Task directions ▸ Retype each line of the material below word for word; pictures stay out.

The data ▸
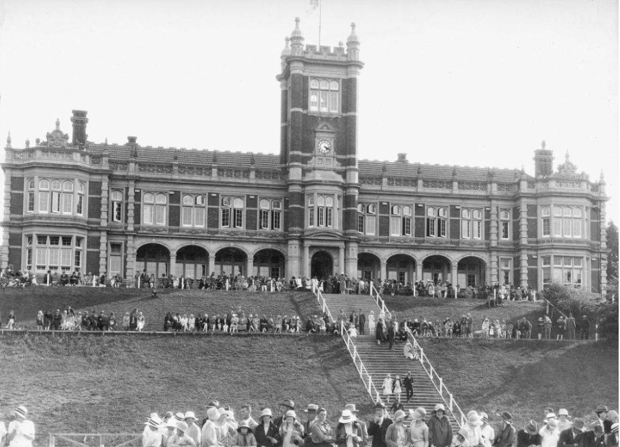 Nelson College sports day in 1920. The original wooden building, which Rutherford attended from 1887-89, was destroyed by fire in 1904.
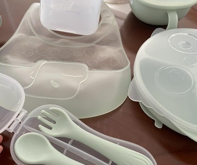 I bought this feeding utensil set to prepare for outings with my child, and I was pleasantly surprised when it arrived. Everything is made of soft silicone, so it feels gentle and flexible. The suction cups on the bottom of the dishes are very strong—once they stick to the table, they’re not easy for little hands to pull off. I really love that each item comes with its own storage case, which keeps everything clean and separate when we’re on the go. The small bowl with a straw is especially versatile—it works great for soup and can also be used as a snack container while traveling. The straw cup seals completely and doesn’t leak at all. The spoon and fork each have their own cases too, which is such a thoughtful touch. Overall, this set is practical, well-designed, and perfect for outings.
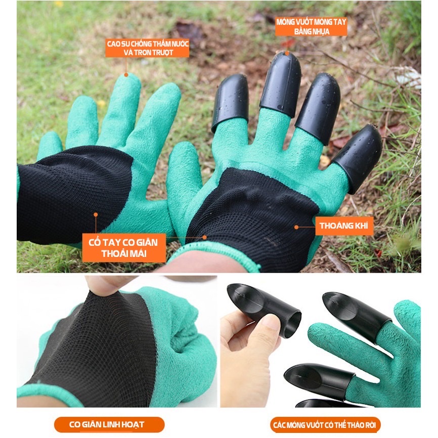 Bao tay làm vườn có móng vuốt để cào ,bới đất ,chăm sóc cây , chống thấm nước , bảo vệ tay khỏi đất bẩn ,các hóa chất từ phân bón , thuốc trừ sâu , diệt cỏ tránh tổn thương do va chạm với vật sắc nhọn , cành cây, co giãn đàn hồi tốt , dễ vệ sinh -Bao tay làm vườn có móng vuốt để cào ,bới đất ,chăm sóc cây , chống thấm nước , bảo vệ tay khỏi đất bẩn ,các hóa chất từ phân bón , thuốc trừ sâu

Task response ▸
 Nelson College sports day in 1920. The original wooden building, which Rutherford attended from 1887-89, was destroyed by fire in 1904.
 I bought this feeding utensil set to prepare for outings with my child, and I was pleasantly surprised when it arrived. Everything is made of soft silicone, so it feels gentle and flexible. The suction cups on the bottom of the dishes are very strong—once they stick to the table, they’re not easy for little hands to pull off. I really love that each item comes with its own storage case, which keeps everything clean and separate when we’re on the go. The small bowl with a straw is especially versatile—it works great for soup and can also be used as a snack container while traveling. The straw cup seals completely and doesn’t leak at all. The spoon and fork each have their own cases too, which is such a thoughtful touch. Overall, this set is practical, well-designed, and perfect for outings.
 Bao tay làm vườn có móng vuốt để cào ,bới đất ,chăm sóc cây , chống thấm nước , bảo vệ tay khỏi đất bẩn ,các hóa chất từ phân bón , thuốc trừ sâu , diệt cỏ tránh tổn thương do va chạm với vật sắc nhọn , cành cây, co giãn đàn hồi tốt , dễ vệ sinh -Bao tay làm vườn có móng vuốt để cào ,bới đất ,chăm sóc cây , chống thấm nước , bảo vệ tay khỏi đất bẩn ,các hóa chất từ phân bón , thuốc trừ sâu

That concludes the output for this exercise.